The government intends to work on the final and complex details of the ban during the course of this year, so draft legislation can be as comprehensive as possible. The government will then bring the legislation into force when Parliamentary time allows.

Limiting Members’ Statutory Right to Transfer

The government has proposed to limit the statutory right to transfer, to transfers:

  • To personal pension scheme operated by providers that are authorised by the Financial Conduct Authority;
  • To authorised master trusts; and
  • Where a genuine employment link to an occupational pension scheme can be evidenced.

This was supported by the vast majority of respondents to the consultation and should cover the overwhelming number of transfer cases. As a result the restrictions will be brought into effect. Although this could mean that members would no longer have a statutory right to transfer their pension savings overseas, the government is to engage with the industry further to consider how to best extend the proposals to include genuine transfer requests to schemes outside of the UK. There is no intention to block legitimate transfer requests to QROPS.

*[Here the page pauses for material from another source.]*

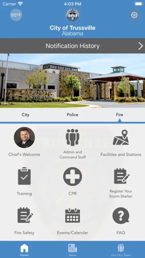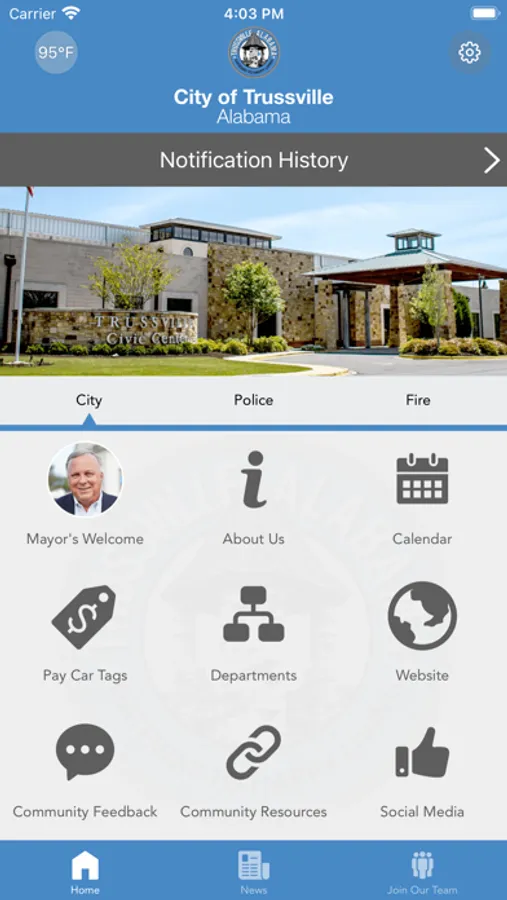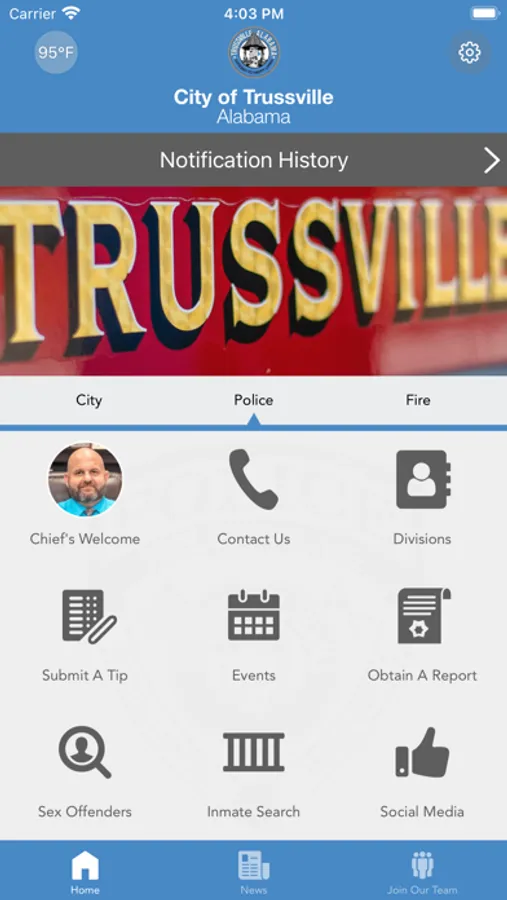 The City of Trussville AL mobile application is an interactive app which will help improve our communication with the citizens of Trussville and surrounding area. The purpose of this app is to improve our ability to communicate with our citizens Information which will include, but not be limited to provide Community Feedback, obtain a police report, learn more about fire safety, and more. Citizens may submit a crime tip directly through the app, as well as see and share social media posts. By empowering people through technology, the City of Trussville will be able to better serve our citizens.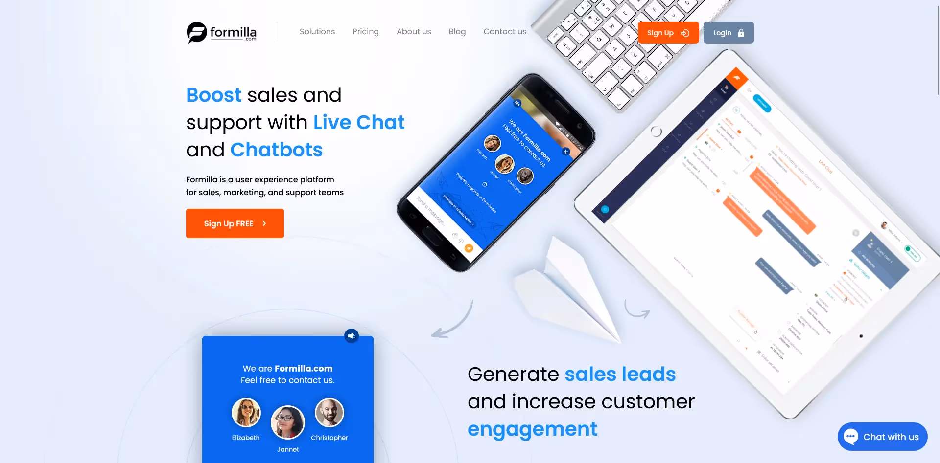 Formilla offers real-time chat and chatbots proven to increase sales and improve support, with visitor tracking, lead qualification 24/7, and marketing popups to boost conversions.

The government will also engage further with the industry on the specific details for an employment link for transfers to occupational pension schemes. There are concerns that fraudsters could circumvent the requirement, and so further work is required.

Non-statutory transfers are unaffected by the proposals, and the government expects trustees and providers to continue to conduct the same levels of due diligence on such cases as they currently do. Some scheme rules do not currently provide for non-statutory transfers and the government will consider whether there is a need to provide a power for schemes to amend their rules to allow this.

The new statutory right to transfer will not be implemented until the authorisation regime for master trusts has been fully introduced in 2019.

Registering New Pension Schemes

The relatively simple process for registering a new pension scheme has been exploited by scammers in recent years and the government’s consultation sought to make it harder to do this.

The vast majority of respondents to the consultation agreed with the proposal to block dormant companies from registering new pension schemes. The next Finance Bill will provide that all new pension scheme registrations will have to be made through active companies, although HMRC will be given a discretion to register schemes from dormant companies in certain circumstances.

The consultation also looked at the governance of small self-administered schemes (SSASs), that are often used by fraudsters. Until 2006, it was a requirement for all SSASs to have a pensioneer trustee, that was independent of the other trustees. The government has decided not to reintroduce pensioneer trustees at this stage though, believing that members should be free to choose their own investments.


There is no simple answer to the scourge of pension scams. If there was, the problem would have been solved before now. The proposals made by the government in its consultation were rightly welcomed by the industry, and should provide clarity to everyone involved in pension transfers. A ban on cold calling in particular will help to protect members’ pension savings, by making it harder for fraudsters to initiate the first contact with an often unsuspecting member. While it may not stop the scammers from contacting members, the very existence of a cold calling ban – if publicised properly – should help to protect pension savings.

In view of how much support the consultation’s proposals received, it is very disappointing that the ban on cold calling and the restrictions on the statutory right to transfer are still some way from being introduced. A Pensions Bill was not announced in this year’s Queen’s Speech, and while a Bill could still be introduced, it seems unlikely. The new statutory right to transfer will not be fully introduced until 2019, and the concern is that the ban on cold calling could also be delayed until then.